- Conleth Hill as Varys
- First appearance: Novel:; A Game of Thrones (1996); Television:; "Lord Snow" (2011);
- First game: Game of Thrones (2012)
- Last appearance: Television:; "The Bells" (2019);
- Created by: George R. R. Martin
- Adapted by: David Benioff D. B. Weiss (Game of Thrones)
- Portrayed by: Conleth Hill

In-universe information
- Aliases: The Spider; The Eunuch; Lord Varys; Rugen; Varys of Lys; Jamie Orton;
- Gender: Male (castrated)
- Title: Master of Whisperers
- Occupation: Ex prostitute, ex thief, ex actor, King's functionary
- Nationality: Lysene

= Varys =

Character in A Song of Ice and Fire and Game of Thrones

Lord Varys is a fictional character in the A Song of Ice and Fire series of fantasy novels by American author George R. R. Martin, and its television adaptation Game of Thrones.

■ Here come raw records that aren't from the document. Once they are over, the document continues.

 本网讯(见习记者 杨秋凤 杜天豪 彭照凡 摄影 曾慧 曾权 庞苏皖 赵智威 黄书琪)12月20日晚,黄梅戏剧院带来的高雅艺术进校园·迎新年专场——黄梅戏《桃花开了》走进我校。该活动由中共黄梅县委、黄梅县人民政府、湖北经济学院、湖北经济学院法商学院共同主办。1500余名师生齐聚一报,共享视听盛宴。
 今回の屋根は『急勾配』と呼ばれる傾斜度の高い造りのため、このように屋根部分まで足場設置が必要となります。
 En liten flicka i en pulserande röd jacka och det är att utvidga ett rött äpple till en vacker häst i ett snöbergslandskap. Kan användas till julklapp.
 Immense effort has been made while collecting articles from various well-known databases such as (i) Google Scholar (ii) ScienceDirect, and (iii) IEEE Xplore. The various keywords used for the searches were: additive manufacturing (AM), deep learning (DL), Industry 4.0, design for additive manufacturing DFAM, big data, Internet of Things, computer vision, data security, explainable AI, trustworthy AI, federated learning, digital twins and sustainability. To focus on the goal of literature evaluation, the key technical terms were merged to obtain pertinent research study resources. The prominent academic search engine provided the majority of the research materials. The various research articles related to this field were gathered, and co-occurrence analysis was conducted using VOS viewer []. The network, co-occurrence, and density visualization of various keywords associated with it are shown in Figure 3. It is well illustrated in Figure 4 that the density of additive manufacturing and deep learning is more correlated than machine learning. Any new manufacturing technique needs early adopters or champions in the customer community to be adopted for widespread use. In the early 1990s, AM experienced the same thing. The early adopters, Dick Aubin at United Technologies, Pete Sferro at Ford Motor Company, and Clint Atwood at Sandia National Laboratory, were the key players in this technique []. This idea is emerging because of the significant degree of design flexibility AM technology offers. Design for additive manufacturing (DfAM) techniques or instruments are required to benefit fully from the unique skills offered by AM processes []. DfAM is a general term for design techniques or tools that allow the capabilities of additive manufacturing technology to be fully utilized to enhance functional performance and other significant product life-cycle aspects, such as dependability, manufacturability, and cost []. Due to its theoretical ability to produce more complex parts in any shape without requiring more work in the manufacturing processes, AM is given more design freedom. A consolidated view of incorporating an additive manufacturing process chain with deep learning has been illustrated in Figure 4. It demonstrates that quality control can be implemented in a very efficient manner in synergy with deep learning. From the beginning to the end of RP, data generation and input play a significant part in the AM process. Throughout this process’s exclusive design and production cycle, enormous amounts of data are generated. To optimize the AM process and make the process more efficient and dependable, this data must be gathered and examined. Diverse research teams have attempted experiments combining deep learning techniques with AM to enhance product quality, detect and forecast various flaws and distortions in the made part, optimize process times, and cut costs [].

Introduced in 1996's A Game of Thrones, Varys is a former slave eunuch from the city of Lys and the master of whisperers in King's Landing. He subsequently appeared in Martin's books A Clash of Kings (1998), A Storm of Swords (2000), and A Dance with Dragons (2011). He proves to be a key ally to Ned Stark and Tyrion Lannister at court, but his true motives remain shrouded in mystery to those who employ his services.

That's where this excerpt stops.